• [ASSIGNED TASK] Restate the listing below word for word, omitting any images.

(INFORMATION begins)

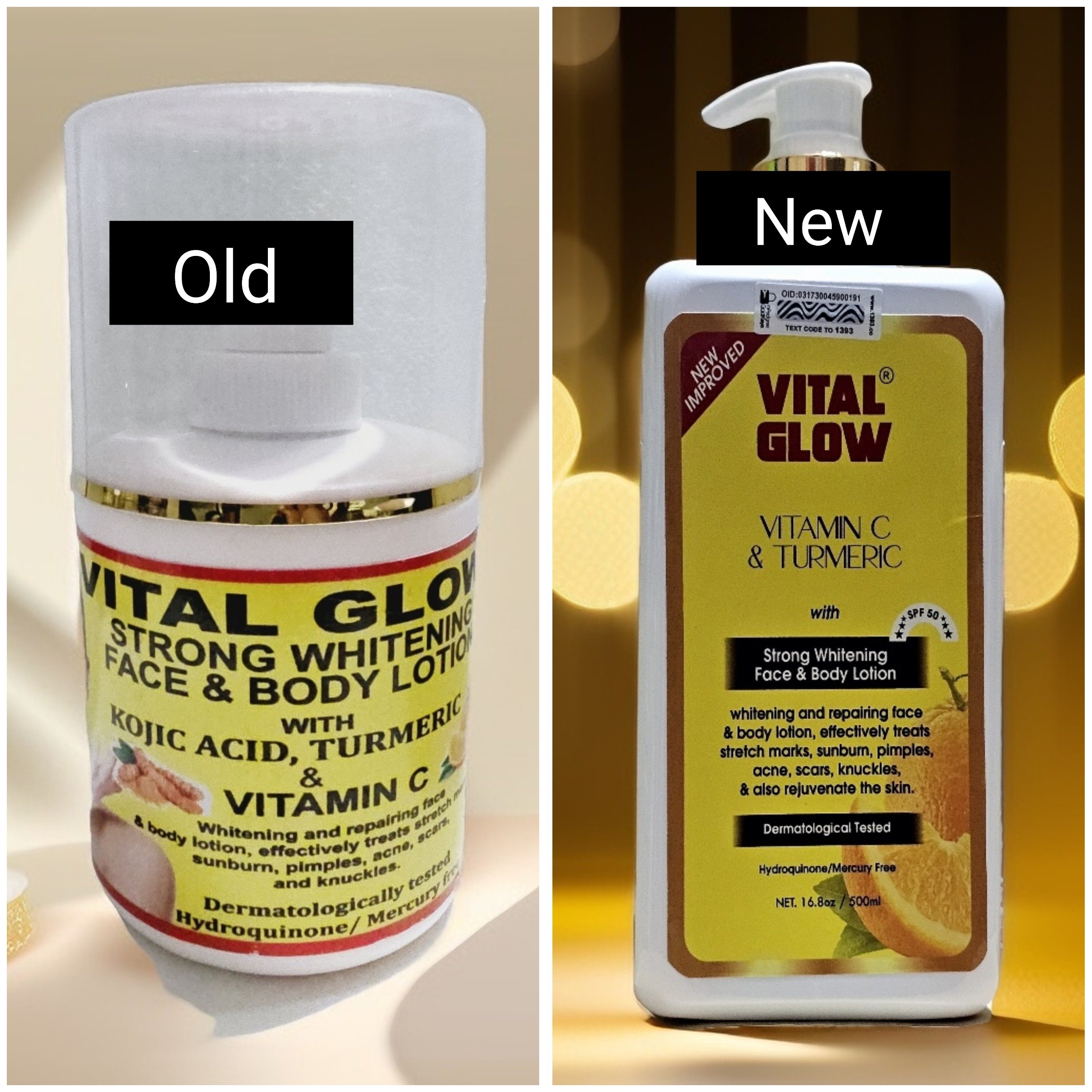Vital Glow strong whitening face and body lotion with Kojic Acid, Turmeric and Vitamin C. Whitening and repairing face and body lotion, effectively treats stretch marks, sunburn, pimples, acne, scars and knuckles.
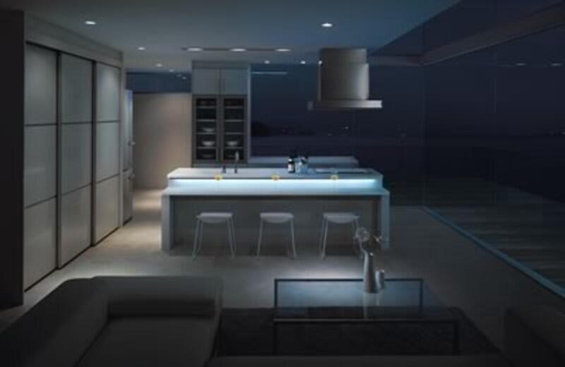 透明な質感は、一日の生活シーンの中でその表情を変え、暮らしの楽しみや喜びを演出してくれます。朝日を浴びて光り輝くキッチンが、夜になるとバーカウンターに内蔵されたLEDライトでホームバーの雰囲気を醸し出してくれます。
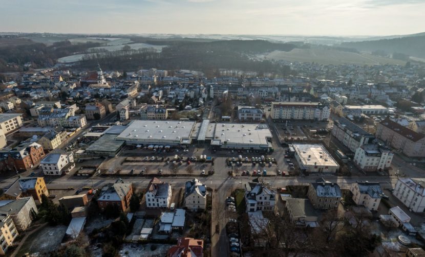Letecký snímek někdejšího průmyslového areálu v Rochlitz, 2019 (KZ-Gedenkstätte Flossenbürg / Foto: Rainer Viertlböck)
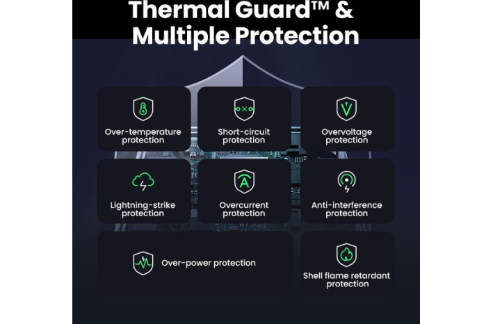 UGREEN zagotavlja maksimalno varnost uporabe, zato je polnilec Nexode Air opremljen s številnimi varovali. Zanesljivo ščitijo pred morebitnimi nevarnostmi, vključno s pregrevanjem, kratkimi stiki, preobremenitvijo, prevelikim tokom in čezmerno močjo. Poleg tega inteligentni sistem za upravljanje energije samodejno prilagodi moč polnjenja povezani napravi, da zagotovi še večjo zaščito.
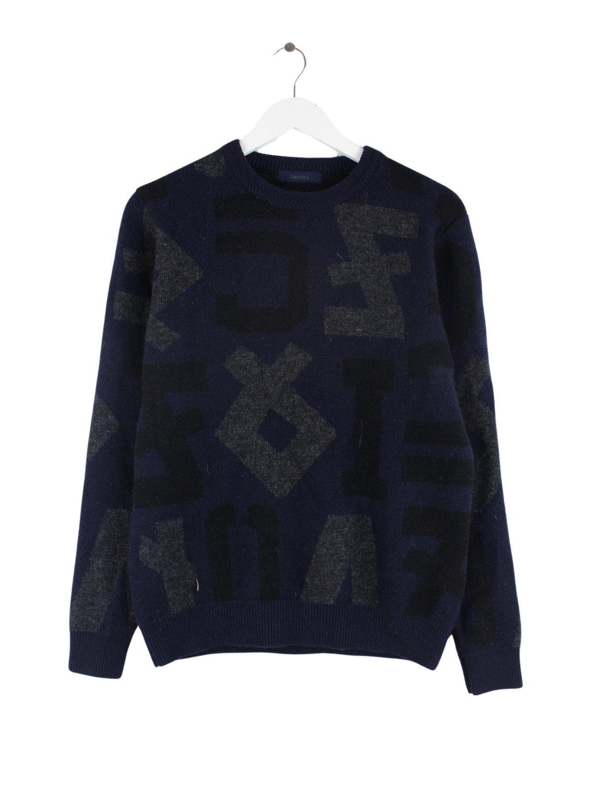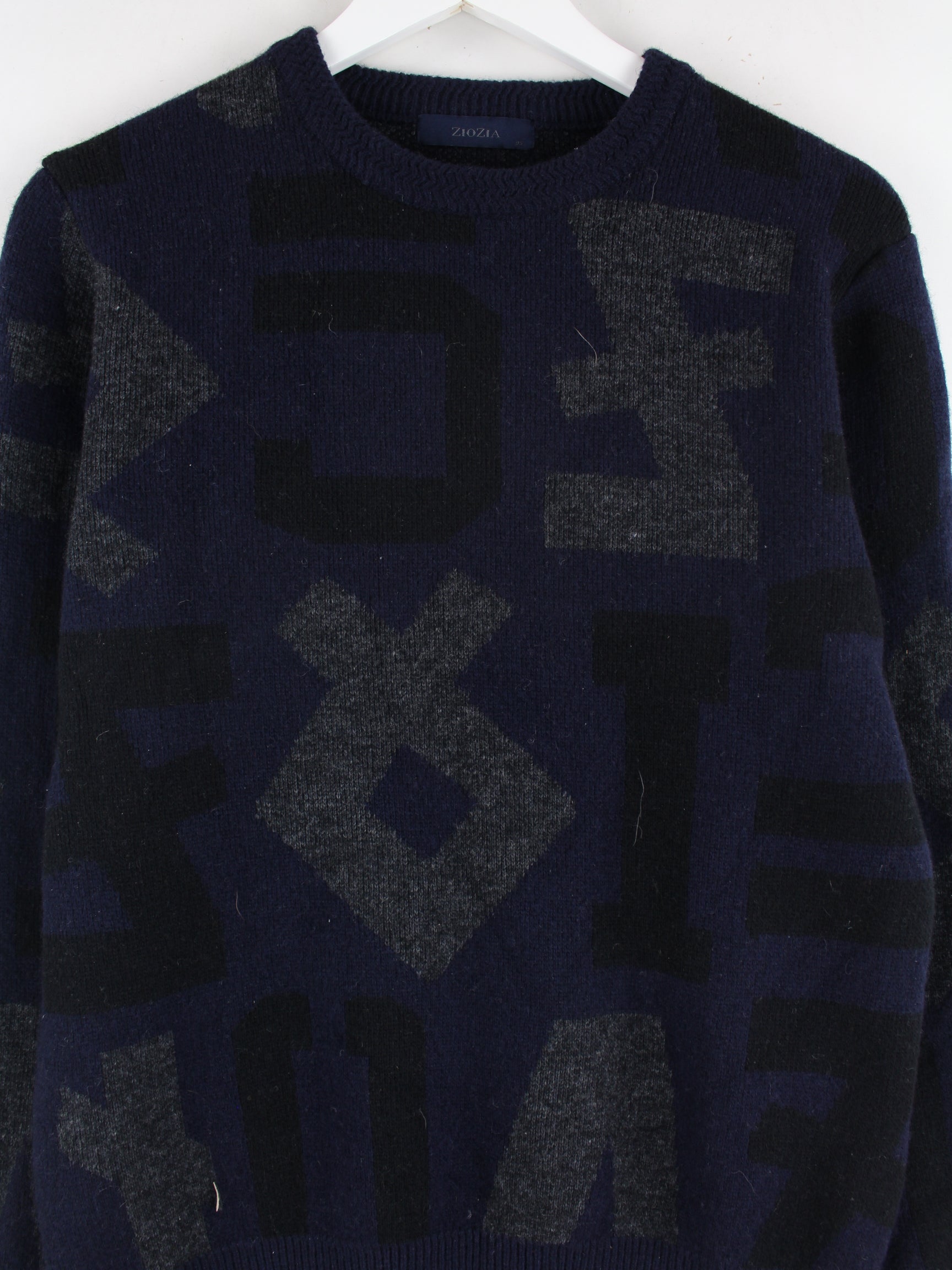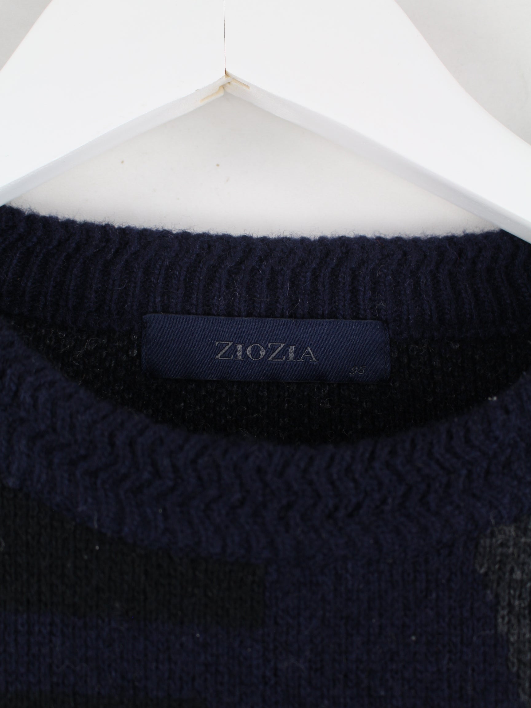 Vintage Pullover in Größe M. Er ist aus einer Baumwollmischung gemacht und in Blau zu haben.
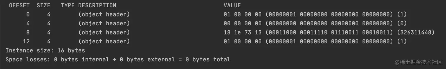 通过 jol-core 的 api,我们将对象的内部信息打印出来
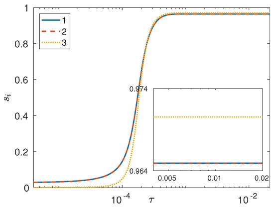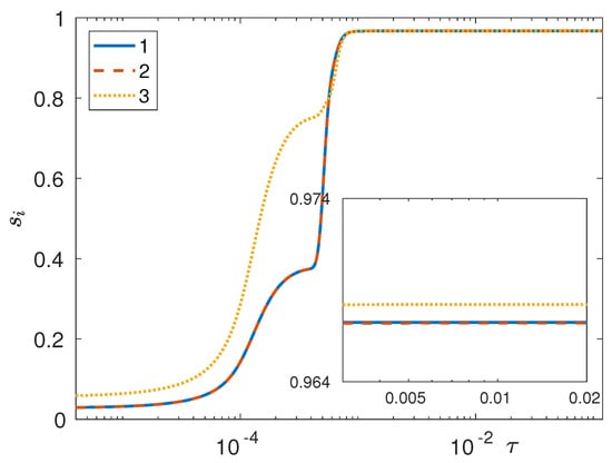 with and denoting the molecular mass and kinematic viscosity of each pure component, while D denotes the (same) binary diffusivity for all component pairs. This dimensionless group can be introduced as an inverse capillary number [43], while it can also be interpreted as a Peclet number [33,34,38,39,40,41], i.e., the ratio of convective to diffusive mass fluxes in the species balance equations. In fact, in previous works [33,34,44,45,46,47,48,49], we have noted that, in low-viscosity systems, is usually of order , while highly viscous mixtures (e.g., polymer melts and alloys) correspond to a vanishing fluidity coefficient. In the latter case (which is the focus of the work reported herein), the diffuse-interface model describes a diffusive (or antidiffusive) separation process in the absence of flow, and the species balance equations assume the particularly simple form seen earlier [26,30]:
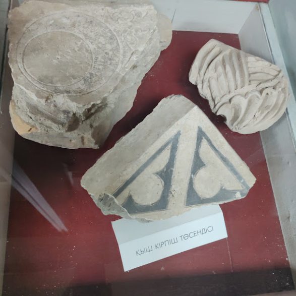 Потом поехали в село Шу, там в местном краеведческом музее есть целый зал, посвященный археологическим находкам городища Актобе. Кувшины, керамические столы, хумы, кирпичи. На строительных кирпичах видна рука мастера – он проводил пальцами по сырой поверхности и оставлял на кирпиче волнистые отпечатки. Получалось что-то вроде клейма. На отделочных сохранились рисунки, орнаменты, фигурки… Красиво.
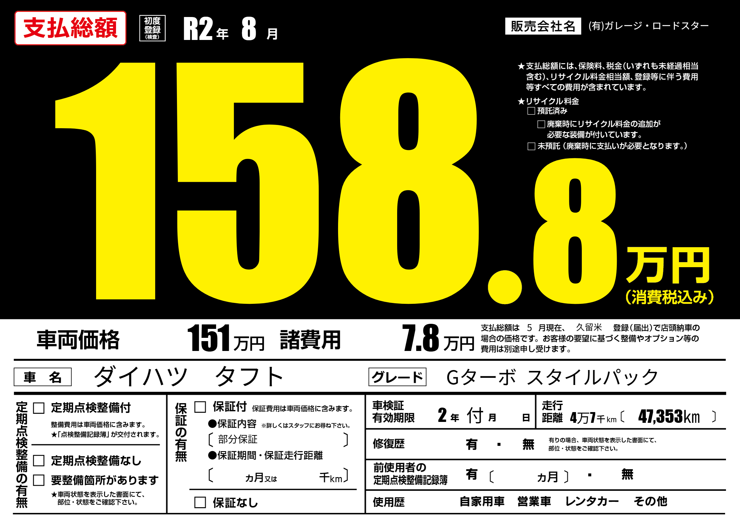 | 走行キロ | 0.4万km | 初年度登録 | R2年8月 |
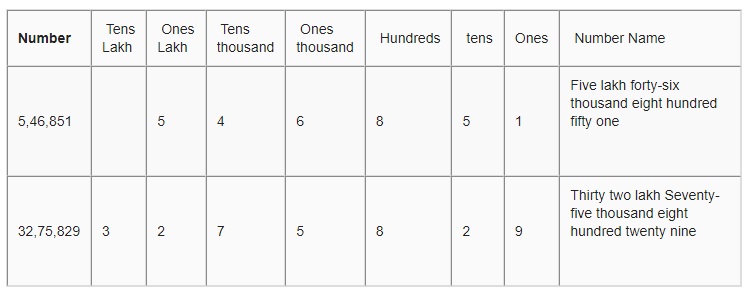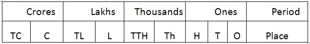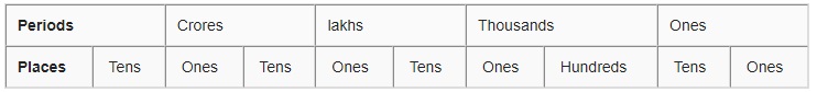 Values of the places in the Indian system of numeration are Ones, Tens, Hundreds, Thousands, Ten thousand, Lakhs,
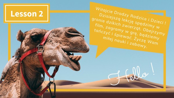 Witajcie Drodzy Rodzice i Dzieci ! Dzisiejszą lekcję spędzimy w gronie dzikich zwierząt. Obejrzymy film, zagramy w grę, będziemy tańczyć i śpiewać. Życzę Wam miłej nauki i zabawy.
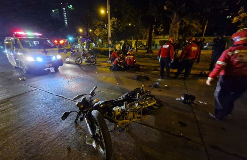 En la avenida reforma y 16 calle se reportó un fuerte accidente entre dos motocicletas, informaron los Bomberos Municipales.
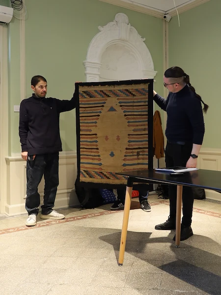 Преди официалното си представяне в Института за етнология и фолклористика с Етнографски музей (ИЕФЕМ), килимът преминава през дълга и прецизна реставрация, като част от тъканта е укрепена с ленена подложка.
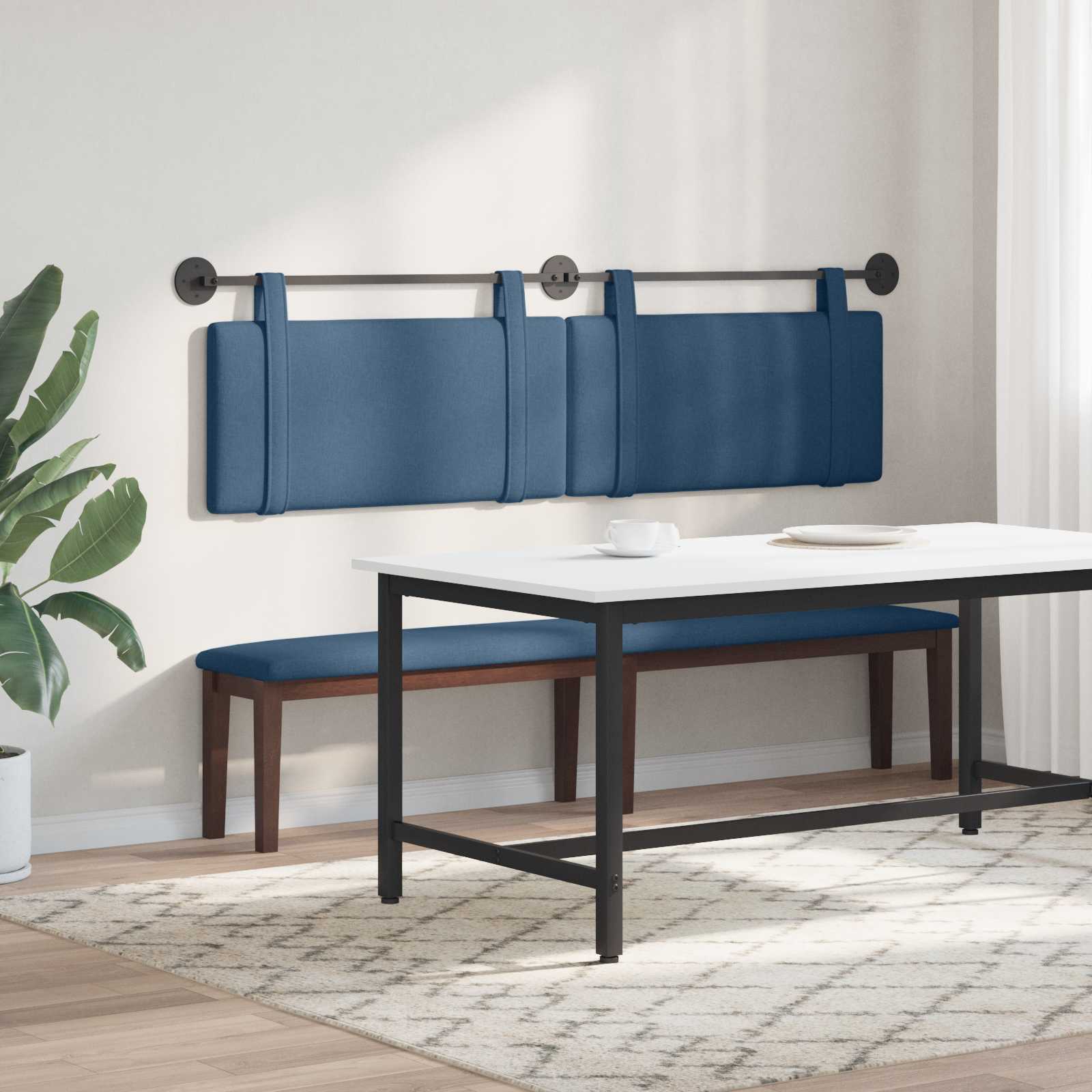 Mit diesem vielseitigen hängenden Kopfteil gibst du jedem Schlafzimmer ein neues Gesicht. Es ist so gefertigt, dass es toll mit vielen Bettrahmen harmoniert und hat einen weichen Stoff, der richtig schick aussieht und super bequem ist. Es wird zum Blickfang im Raum und verbindet modernes Design mit zeitlosem Charme. Perfekt für alle, die sich in einem warmen, stilvollen Umfeld wohlfühlen möchten, ist dieses Kopfteil nicht nur einfach ein Hintergrund, sondern hebt deinen Raum richtig auf. Stoffoberfläche: Dieses Kopfteil hat eine super elegante Stoffoberfläche, die nicht nur gut aussieht, sondern auch eine gemütliche Berührung hat. Es macht das Schlafzimmer sofort einladender, und der langlebige Stoff sorgt dafür, dass es auch über die Jahre schön bleibt und alltäglichen Gebrauch aushält. Wandmontiertes Design: Mit einem coolen Wandmontagesystem ist das Kopfteil einfach zu befestigen – kein Platz für sperrige Beine oder Verbindungen, alles ist schön schlank und sicher. Ideal für alle Räume, klein oder groß, es bietet die perfekte Kulisse für dein Schlafzimmer. Breite Kompatibilität: Dieses hängende Kopfteil passt mit fast allen Bettrahmen und harmoniert perfekt mit deiner Schlafzimmermöbel. Es hat eine neutrale Farbe und ein klassisches Design, das einfach in jeden Stil passt – ob modernes Apartment oder gemütliches Familienzimmer. Platzsparende Funktion: Da es an der Wand montiert ist und keinen traditionellen Rahmen hat, spart dieses Kopfteil echt Platz auf dem Boden. Super für kleine Räume! So kannst du mehr von deinem Platz nutzen und dem Schlafzimmer einen schick-minimalistischen Look verleihen. Geringer Pflegeaufwand: Pflegeleicht! Einfach hin und wieder absaugen und kleine Flecken vorsichtig behandeln. Ideal für alle, die eine unkomplizierte Pflege bevorzugen – das Kopfteil bleibt stylish mit minimalem Aufwand.

(INFORMATION ends)

• [ANSWER FOR THE TASK]
Vital Glow strong whitening face and body lotion with Kojic Acid, Turmeric and Vitamin C. Whitening and repairing face and body lotion, effectively treats stretch marks, sunburn, pimples, acne, scars and knuckles.
 透明な質感は、一日の生活シーンの中でその表情を変え、暮らしの楽しみや喜びを演出してくれます。朝日を浴びて光り輝くキッチンが、夜になるとバーカウンターに内蔵されたLEDライトでホームバーの雰囲気を醸し出してくれます。
Letecký snímek někdejšího průmyslového areálu v Rochlitz, 2019 (KZ-Gedenkstätte Flossenbürg / Foto: Rainer Viertlböck)
 UGREEN zagotavlja maksimalno varnost uporabe, zato je polnilec Nexode Air opremljen s številnimi varovali. Zanesljivo ščitijo pred morebitnimi nevarnostmi, vključno s pregrevanjem, kratkimi stiki, preobremenitvijo, prevelikim tokom in čezmerno močjo. Poleg tega inteligentni sistem za upravljanje energije samodejno prilagodi moč polnjenja povezani napravi, da zagotovi še večjo zaščito.
 Vintage Pullover in Größe M. Er ist aus einer Baumwollmischung gemacht und in Blau zu haben.
 通过 jol-core 的 api,我们将对象的内部信息打印出来
 with and denoting the molecular mass and kinematic viscosity of each pure component, while D denotes the (same) binary diffusivity for all component pairs. This dimensionless group can be introduced as an inverse capillary number [43], while it can also be interpreted as a Peclet number [33,34,38,39,40,41], i.e., the ratio of convective to diffusive mass fluxes in the species balance equations. In fact, in previous works [33,34,44,45,46,47,48,49], we have noted that, in low-viscosity systems, is usually of order , while highly viscous mixtures (e.g., polymer melts and alloys) correspond to a vanishing fluidity coefficient. In the latter case (which is the focus of the work reported herein), the diffuse-interface model describes a diffusive (or antidiffusive) separation process in the absence of flow, and the species balance equations assume the particularly simple form seen earlier [26,30]:
 Потом поехали в село Шу, там в местном краеведческом музее есть целый зал, посвященный археологическим находкам городища Актобе. Кувшины, керамические столы, хумы, кирпичи. На строительных кирпичах видна рука мастера – он проводил пальцами по сырой поверхности и оставлял на кирпиче волнистые отпечатки. Получалось что-то вроде клейма. На отделочных сохранились рисунки, орнаменты, фигурки… Красиво.
 | 走行キロ | 0.4万km | 初年度登録 | R2年8月 |
 Values of the places in the Indian system of numeration are Ones, Tens, Hundreds, Thousands, Ten thousand, Lakhs,
 Witajcie Drodzy Rodzice i Dzieci ! Dzisiejszą lekcję spędzimy w gronie dzikich zwierząt. Obejrzymy film, zagramy w grę, będziemy tańczyć i śpiewać. Życzę Wam miłej nauki i zabawy.
 En la avenida reforma y 16 calle se reportó un fuerte accidente entre dos motocicletas, informaron los Bomberos Municipales.
 Преди официалното си представяне в Института за етнология и фолклористика с Етнографски музей (ИЕФЕМ), килимът преминава през дълга и прецизна реставрация, като част от тъканта е укрепена с ленена подложка.
 Mit diesem vielseitigen hängenden Kopfteil gibst du jedem Schlafzimmer ein neues Gesicht. Es ist so gefertigt, dass es toll mit vielen Bettrahmen harmoniert und hat einen weichen Stoff, der richtig schick aussieht und super bequem ist. Es wird zum Blickfang im Raum und verbindet modernes Design mit zeitlosem Charme. Perfekt für alle, die sich in einem warmen, stilvollen Umfeld wohlfühlen möchten, ist dieses Kopfteil nicht nur einfach ein Hintergrund, sondern hebt deinen Raum richtig auf. Stoffoberfläche: Dieses Kopfteil hat eine super elegante Stoffoberfläche, die nicht nur gut aussieht, sondern auch eine gemütliche Berührung hat. Es macht das Schlafzimmer sofort einladender, und der langlebige Stoff sorgt dafür, dass es auch über die Jahre schön bleibt und alltäglichen Gebrauch aushält. Wandmontiertes Design: Mit einem coolen Wandmontagesystem ist das Kopfteil einfach zu befestigen – kein Platz für sperrige Beine oder Verbindungen, alles ist schön schlank und sicher. Ideal für alle Räume, klein oder groß, es bietet die perfekte Kulisse für dein Schlafzimmer. Breite Kompatibilität: Dieses hängende Kopfteil passt mit fast allen Bettrahmen und harmoniert perfekt mit deiner Schlafzimmermöbel. Es hat eine neutrale Farbe und ein klassisches Design, das einfach in jeden Stil passt – ob modernes Apartment oder gemütliches Familienzimmer. Platzsparende Funktion: Da es an der Wand montiert ist und keinen traditionellen Rahmen hat, spart dieses Kopfteil echt Platz auf dem Boden. Super für kleine Räume! So kannst du mehr von deinem Platz nutzen und dem Schlafzimmer einen schick-minimalistischen Look verleihen. Geringer Pflegeaufwand: Pflegeleicht! Einfach hin und wieder absaugen und kleine Flecken vorsichtig behandeln. Ideal für alle, die eine unkomplizierte Pflege bevorzugen – das Kopfteil bleibt stylish mit minimalem Aufwand.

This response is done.